A longer lasting airplane restaurant appeared in Penndel, PA in 1968. It got off to a tragic start when a hot air balloon hired to publicize the opening hit wires and crashed, killing both occupants. One of them was to be a server in Jim Flannery’s Constellation Cocktail Lounge that hovered over his Route 1 restaurant. As was true of the Sky-Hi Drive-in, servers were dressed as airline stewardesses. Flannery was bankrupt by 1982, but the restaurant continued onward with two other owners before it closed for good in 1995.

Meanwhile in a small town in Yugoslavia, guests sipped sodas in an old Ilyushin 14 Soviet passenger plane. A short time later another restaurant was set to open in a Lockheed Constellation in Japan, likely in the same type of plane as in Penndel. Both of the planes were veterans of WWII. Once again, servers dressed as stewardesses.

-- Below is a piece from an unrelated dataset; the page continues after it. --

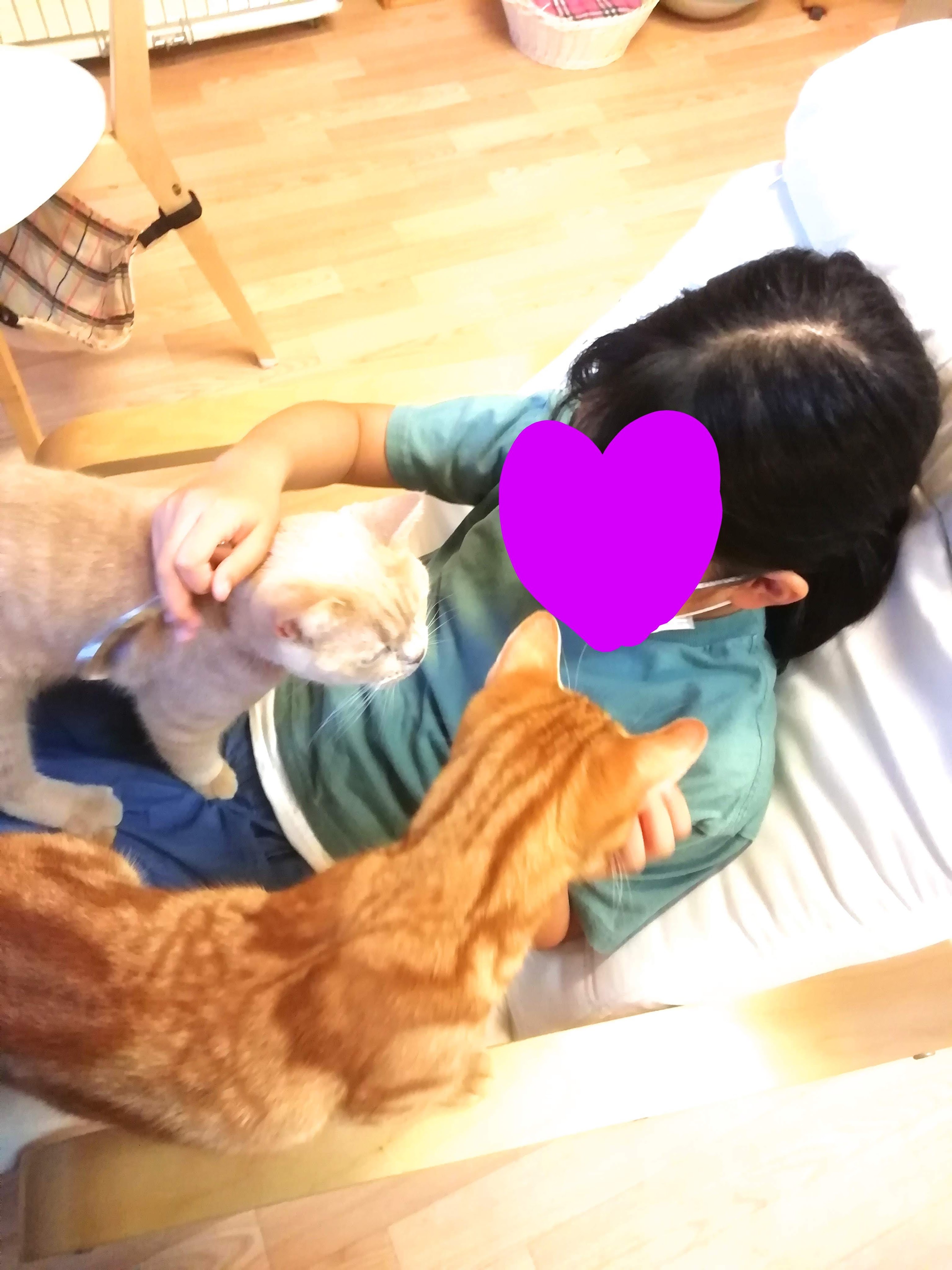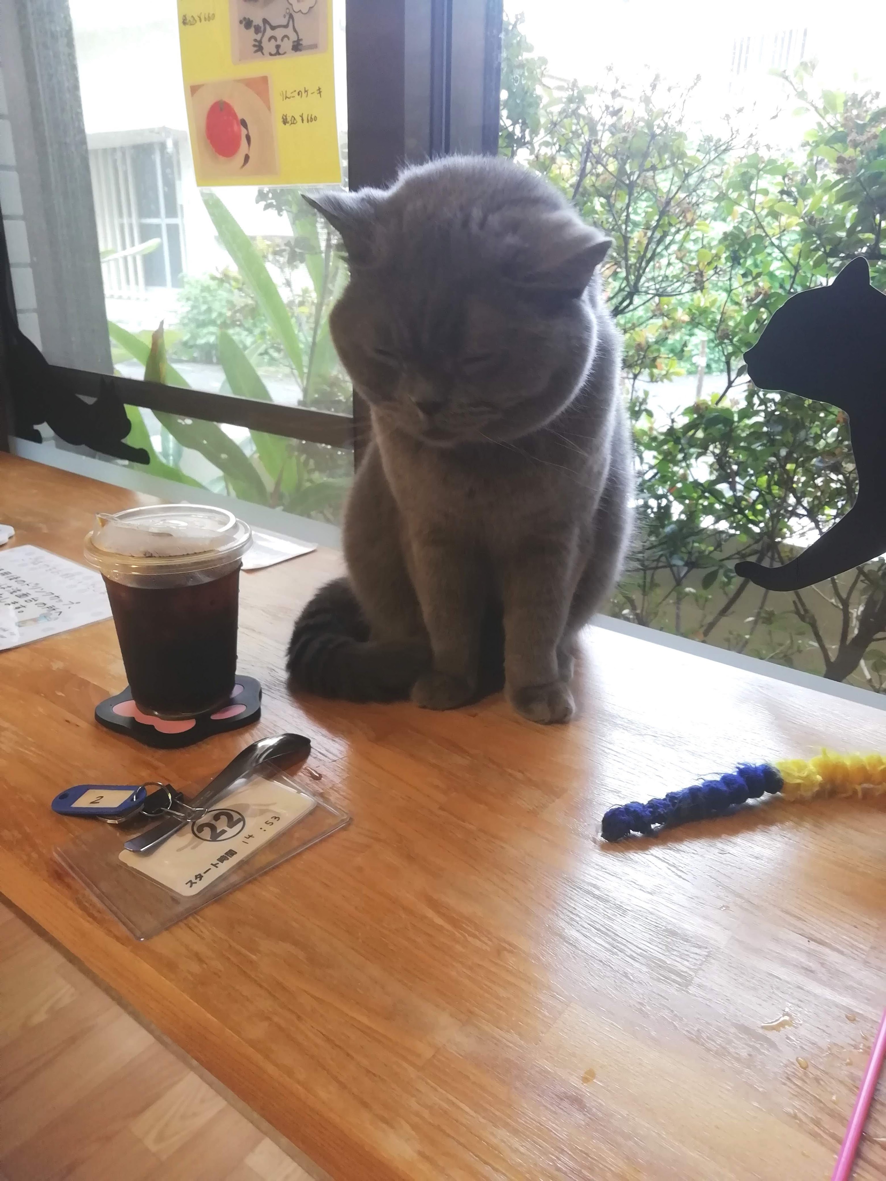 ただ、中には変わった子もいました。私は室内の椅子に座りアイスコーヒーを飲みつつ猫ちゃんと娘が戯れるのを眺めていたのですが、そんな私の前に1匹の猫ちゃんが来ました。何故かじっと座り、そっと目を閉じていました。ここまでじっとされると、なんだか置物にさえ見えてきました。しかも、撫でたら嫌がられ、餌を1粒あげてみましたがそれも無視され…。よくはわかりませんでしたが、ただ私の前に来て座って目を閉じたかったんだろう、と勝手に納得することにして、猫ちゃんとの2人きりの空間を静かに楽しみました。※個人的には犬派ですが。

Although it might seem that the notion of using old airplanes for restaurants would have died out rapidly, it did not go away, despite various failed plans. In Opa Locka FL a Lockheed Constellation remained parked on an empty lot for years, abandoned by the businessmen who had hoped to make it into a restaurant. And yet in 1980 an airplane restaurant opened in a Convair 990 in Denver. In Georgia, someone tried to unload a battered 60-seat restaurant in a DC-7 for nearly $60,000 in 1984; never mind that moving costs would have also been in the tens of thousands. The plane may well have been the one previously used as a steakhouse in Byron GA shown here.

To bring things up to date, recent years have seen a McDonald’s in an airplane in New Zealand and, just this past March, “Connie,” a 1958 Constellation plane, passed through Times Square on its way to become a cocktail lounge for the new TWA hotel at JFK airport.